Splash analytics and prediction
The analytics module allows to detect splashes of values of measured metrics and to predict values of metrics in a specified time interval.
To specify checks the analytics module should perform with receiving new values, a new rule in the section State change conditions must be created. The rule can be specified as a JSON object or configured using the graphical interface.
Detecting splashes
An example of a rule that detects a value splash:
[
{
"condition": {
"_splash": {
"metric": "averageCpuLoad.oneMinuteAverageLoad",
"value": {
"_gt": "1"
},
}
},
"state": 5,
}
]
In the example for each new value of the metric averageCpuLoad.oneMinuteAverageLoad of the current object, the difference between the current value and what the analytics module system has expected to get will be calculated. When the calculated value (difference) goes beyond the boundaries, set by the user, the state of the object changes to the specified one.
During the process of collecting data from the metric the analytics module analyzes the nature of the metric value changes and calculates the interval at which the metric values are considered normal for a particular sequence of values. This interval is usually sufficient to avoid frequent state changes, meanwhile continuing to respond to truly abnormal splashes.
The rule "value": {"_gt": "1"} here means that only when the deviation is more than 1 (specified in units of the specific metric) from the boundaries of the confidence interval (up or down), the state of the object changes to the one, indicated in the parameter state (in this case 5 | ALARM).
In addition to "_gt" (strictly greater), it is also possible to use
-
"_lt" (strictly less),
-
"_gte" (greater than or equal to),
-
"_lte" (less than or equal to).
Predicting values
An example of a rule to predict metric values in the given interval:
[
{
"condition": {
"_predict": {
"metric": "MEM.bytesAvailable",
"value": {
"_lt": "200000000"
},
"history": "1d-ago",
"period": "10"
}
},
"state": 5
}
]
In the example for each new value of the metric memory.bytesAvailable of the current object, the 10th future metric value will be predicted (taking into account the current period). If the calculated metric value is less than 200000000, then the state of the object will be changed to 5 (ALARM). With building/rebuilding the model, the history of metric values for the last 24 hours will be used.
Fields description
The following fields are used in the condition settings:
Field | Acceptable values | Description | Type |
---|---|---|---|
Check type |
"_splash" or "_predict" (key value) |
The name of the check. Defines the "{…}" block, inside which the remaining fields are described (listed below). |
Required |
metric |
Any string |
The name of the metric to analyze. |
Required |
value |
It depends on metric |
The value of the analyzed metric. |
Required |
history * |
This field syntax corresponds to OpenTSDB format. |
The history period (depth) of the series to build the model (default is '1w-ago' - one week ago). It is counted back in time from the moment of starting the procedure of building / rebuilding the model. |
Optional |
period ** |
Positive integer |
The number of forecast periods (default 1). |
Optional |
refitEach *** |
Positive integer |
Rebuild the model every n values (by default 1000). |
Optional |
* The history period of the series (history) should cover at least one full season in the analyzed metric life. If the metric does not have a pronounced seasonality, then it is enough to choose the length of the series, which allows determining its trend. A predictive model cannot be built on a set of fewer than 10 values.

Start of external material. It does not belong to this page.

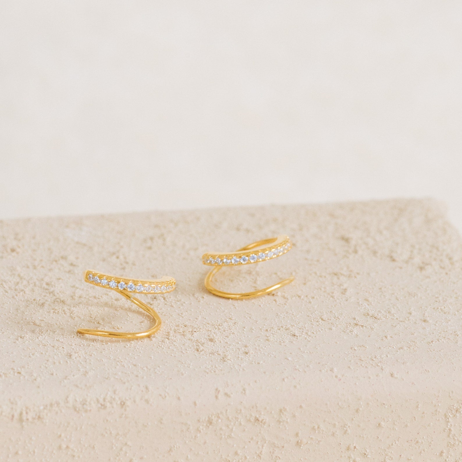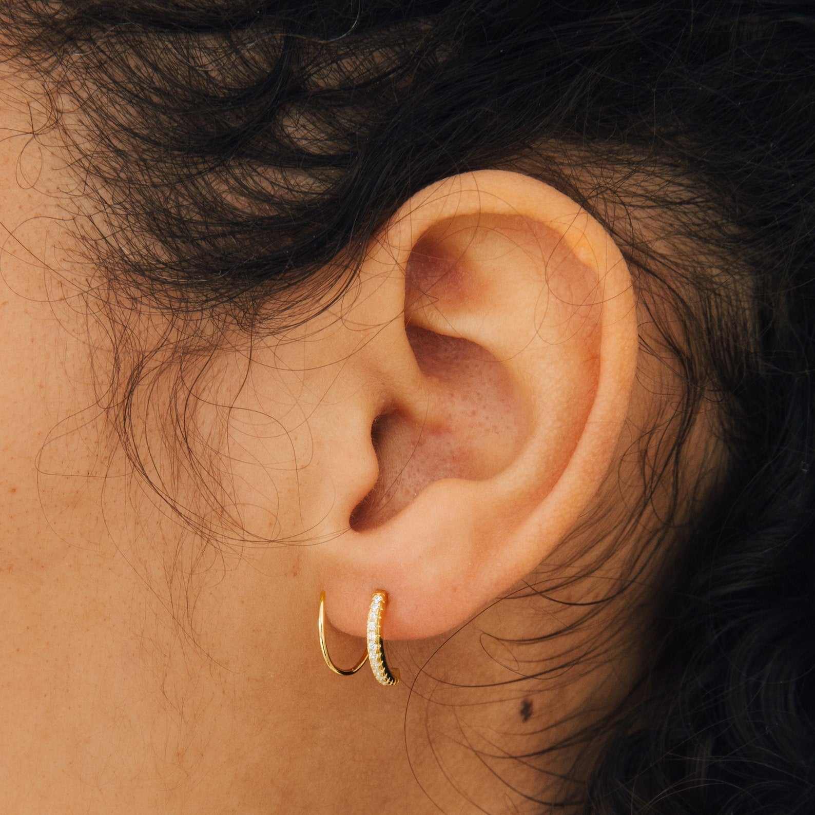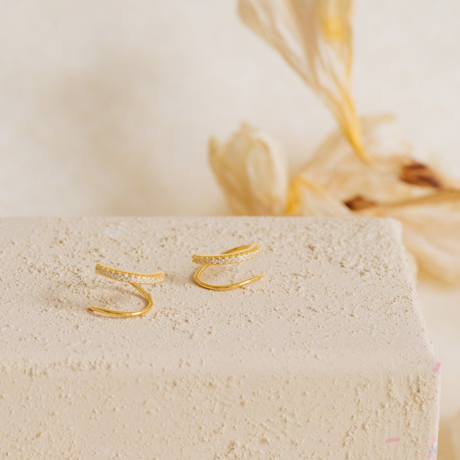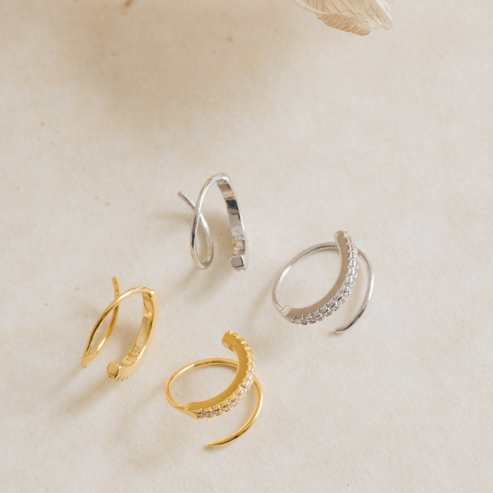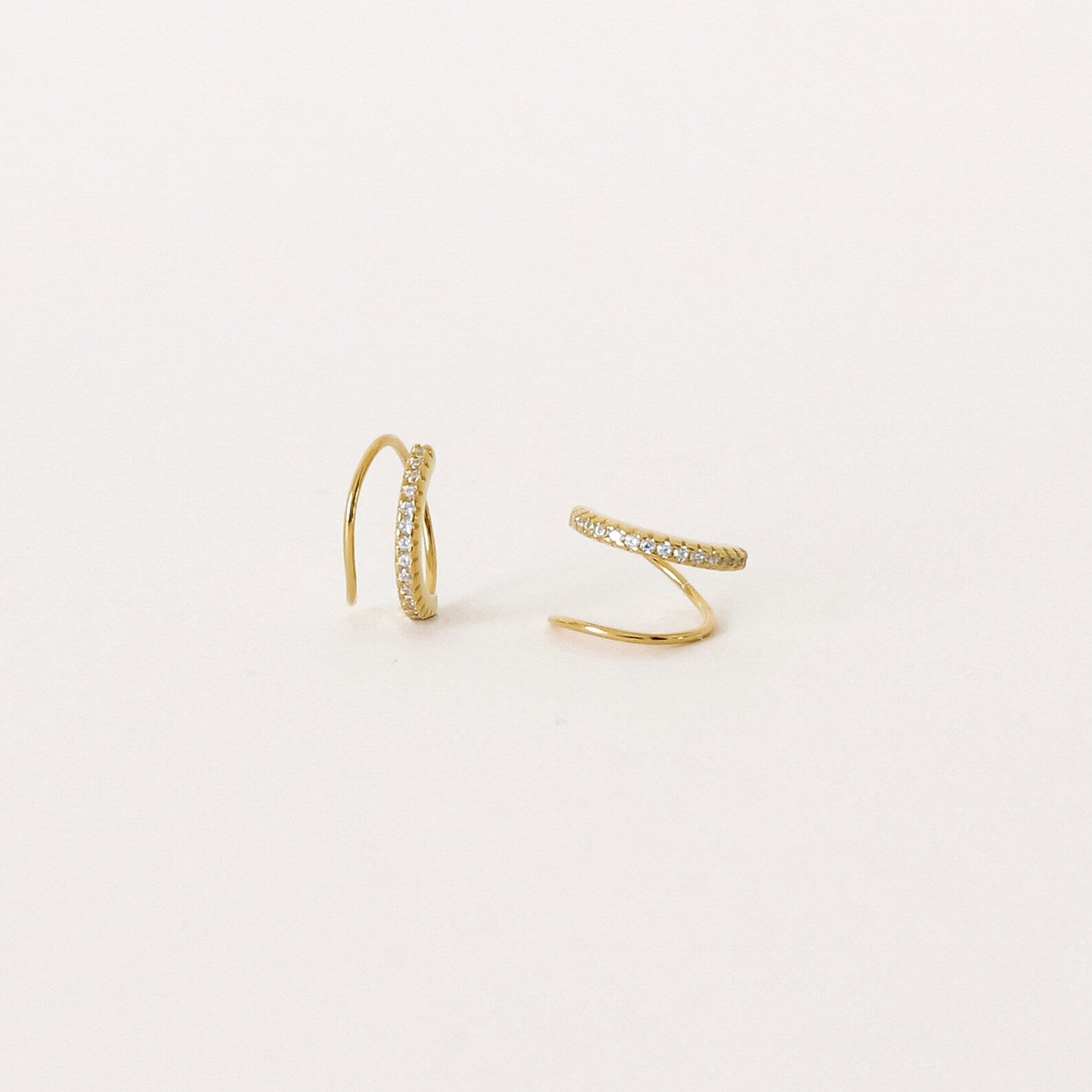 Elevate your look with the River Pave Wire Huggies—a stunning accessory that blends sophistication with innovation. These delicate earrings feature a unique spiral design, creating a striking two-in-one illusion that enhances your double earring game. Small in size but big on impact, these huggies bring understated glamour to any ensemble.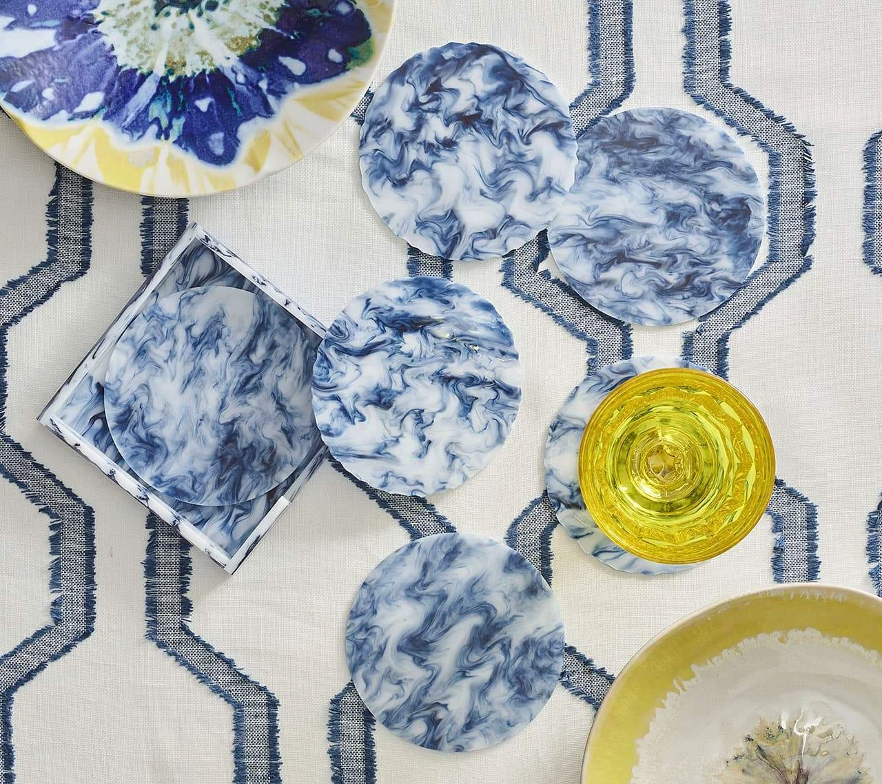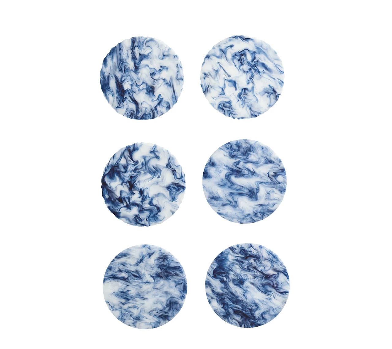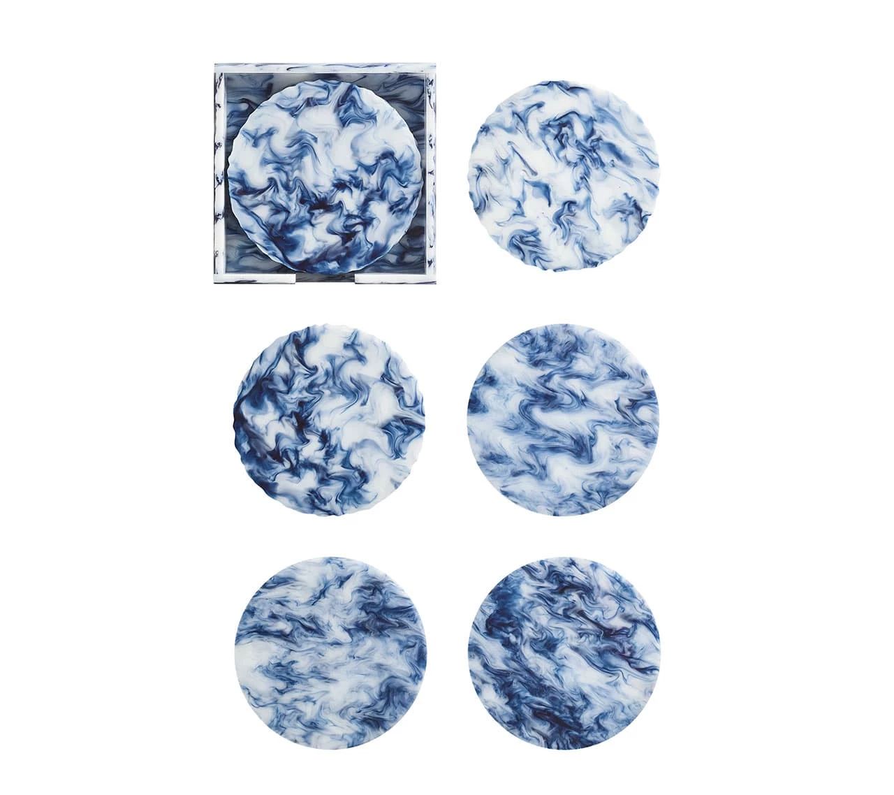 The round Waves Drink Coasters are an abstract take on the rhythmic movement of the ocean. The round Waves Drink Coasters feature white and blue turns and swirls formed by hand-poured resin. Edges of the round acrylic drink coasters have curvy cuts mimicking the crest of a wave. The set of six drink coasters are packed in a gift caddy.

** In the period field the number of forecasting periods is set. For example, "period": 5 means that the system will forecast the fifth value of the metric from the current one. Thus, to obtain the value of the forecast horizon on the timeline, it is necessary to multiply the period value by the value specified in the Period field with configuring monitoring.
*** As updates accumulate, the model gains weight and the speed of updates gradually decreases. In order to update the model, increasing the speed of its work periodically, the parameter refitEach is used. By default, its value is 1000, it means that the model will be rebuilt after each 1000 processed values. The minimum acceptable value for this parameter is 10. However, it is necessary to ensure that the model build time fits the receipt interval of the refitEach values, otherwise, the algorithm will enter a state of a continuous rebuilding of the model.